*Task item*: Look for "como" in the records and copy every line that has it.

(Data section)

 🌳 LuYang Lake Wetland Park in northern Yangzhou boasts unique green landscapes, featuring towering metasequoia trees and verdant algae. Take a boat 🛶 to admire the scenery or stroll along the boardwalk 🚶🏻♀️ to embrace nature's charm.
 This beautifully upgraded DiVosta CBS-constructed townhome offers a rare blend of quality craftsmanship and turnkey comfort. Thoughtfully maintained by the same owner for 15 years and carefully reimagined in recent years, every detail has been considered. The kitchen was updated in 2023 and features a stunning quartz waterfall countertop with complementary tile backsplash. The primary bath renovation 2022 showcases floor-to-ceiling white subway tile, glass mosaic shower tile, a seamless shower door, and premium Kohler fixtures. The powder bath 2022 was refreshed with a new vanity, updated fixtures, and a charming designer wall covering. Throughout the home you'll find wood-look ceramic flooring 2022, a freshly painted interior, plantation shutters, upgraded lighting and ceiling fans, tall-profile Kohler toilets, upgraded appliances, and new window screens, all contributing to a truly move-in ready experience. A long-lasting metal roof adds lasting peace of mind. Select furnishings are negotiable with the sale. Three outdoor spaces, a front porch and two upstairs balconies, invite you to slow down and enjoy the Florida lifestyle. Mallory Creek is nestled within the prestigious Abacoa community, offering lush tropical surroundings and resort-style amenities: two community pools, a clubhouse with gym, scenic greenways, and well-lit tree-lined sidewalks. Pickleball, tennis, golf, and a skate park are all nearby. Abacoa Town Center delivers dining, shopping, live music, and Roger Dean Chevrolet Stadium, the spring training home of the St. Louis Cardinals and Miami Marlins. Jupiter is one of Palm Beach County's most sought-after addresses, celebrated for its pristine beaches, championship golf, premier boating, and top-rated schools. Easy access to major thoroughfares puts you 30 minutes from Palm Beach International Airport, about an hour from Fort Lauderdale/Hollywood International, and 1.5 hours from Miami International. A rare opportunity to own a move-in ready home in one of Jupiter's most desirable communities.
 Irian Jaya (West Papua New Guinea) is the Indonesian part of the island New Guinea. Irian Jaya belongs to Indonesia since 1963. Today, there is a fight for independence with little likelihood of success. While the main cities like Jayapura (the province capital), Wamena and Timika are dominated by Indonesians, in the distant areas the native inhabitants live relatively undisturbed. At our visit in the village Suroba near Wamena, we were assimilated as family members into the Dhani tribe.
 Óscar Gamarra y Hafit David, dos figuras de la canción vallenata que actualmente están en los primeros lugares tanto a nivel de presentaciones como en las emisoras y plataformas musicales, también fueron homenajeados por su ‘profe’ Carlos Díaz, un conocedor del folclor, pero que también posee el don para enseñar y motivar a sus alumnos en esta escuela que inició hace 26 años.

(End Data section)
(Data section)

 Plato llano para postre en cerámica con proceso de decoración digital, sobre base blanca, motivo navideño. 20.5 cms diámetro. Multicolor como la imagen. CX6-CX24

(End Data section)
(Data section)

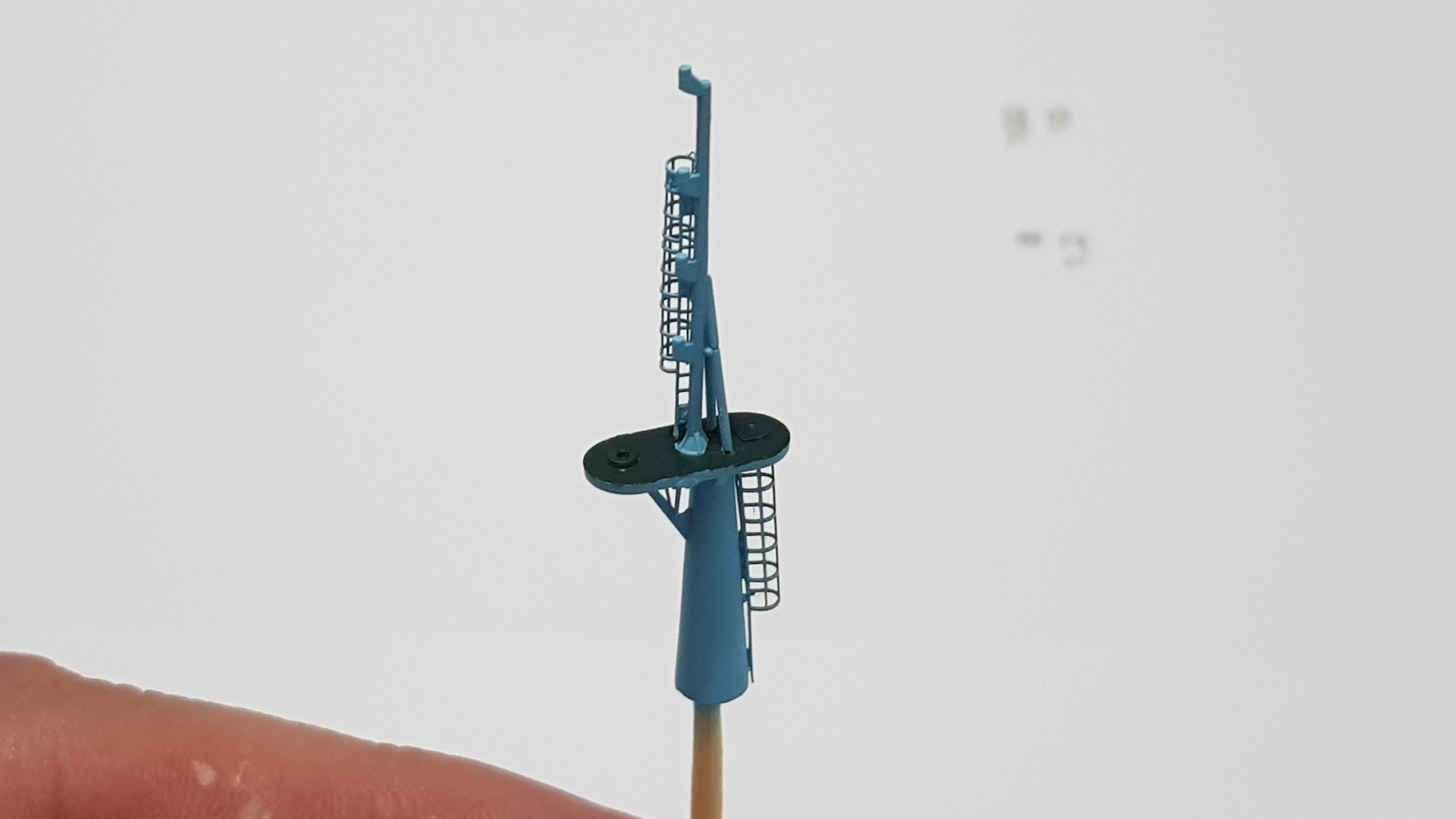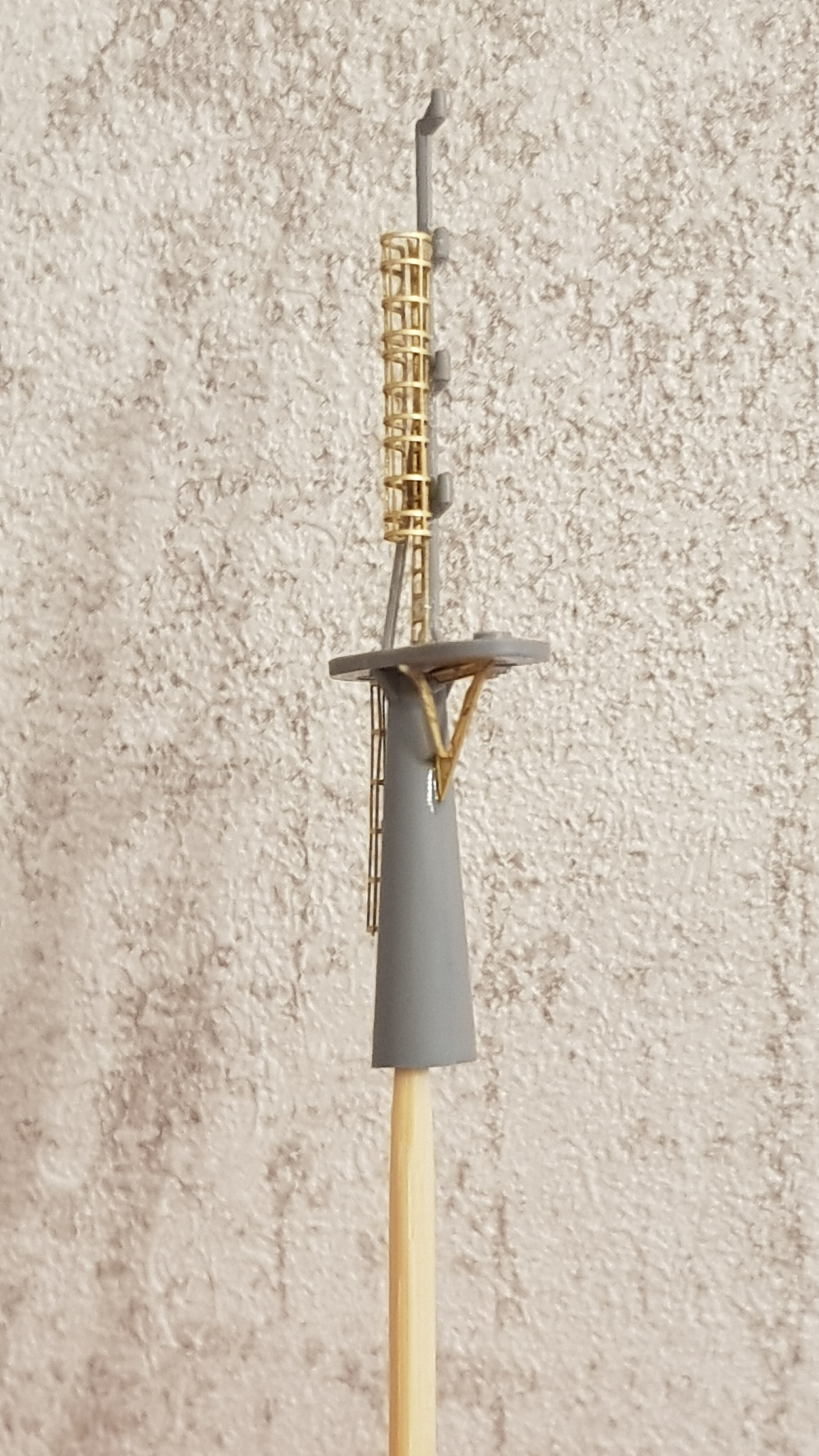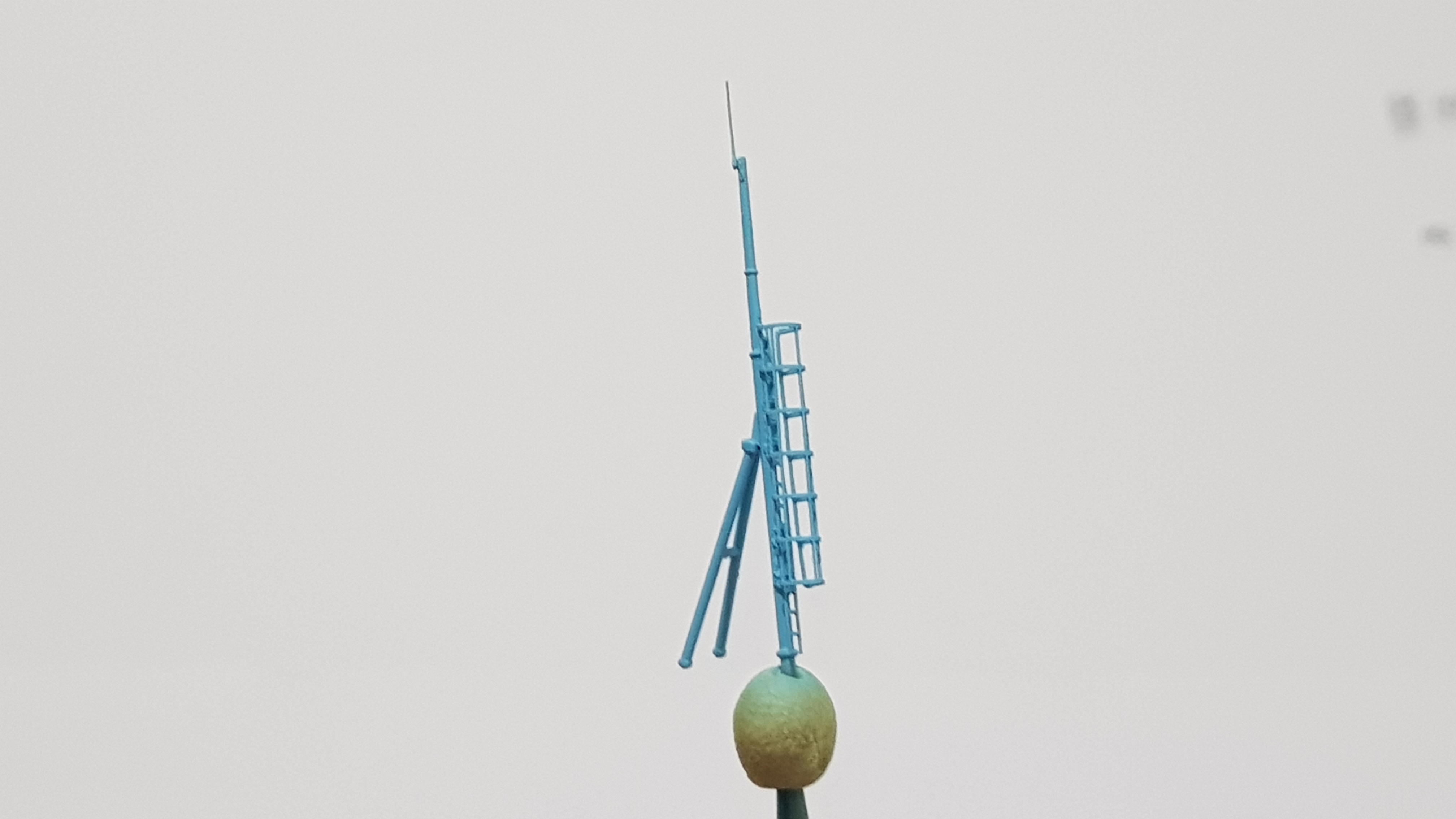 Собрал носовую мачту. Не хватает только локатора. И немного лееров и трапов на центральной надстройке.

(End Data section)

*Answer area*:
 Óscar Gamarra y Hafit David, dos figuras de la canción vallenata que actualmente están en los primeros lugares tanto a nivel de presentaciones como en las emisoras y plataformas musicales, también fueron homenajeados por su ‘profe’ Carlos Díaz, un conocedor del folclor, pero que también posee el don para enseñar y motivar a sus alumnos en esta escuela que inició hace 26 años.
 Plato llano para postre en cerámica con proceso de decoración digital, sobre base blanca, motivo navideño. 20.5 cms diámetro. Multicolor como la imagen. CX6-CX24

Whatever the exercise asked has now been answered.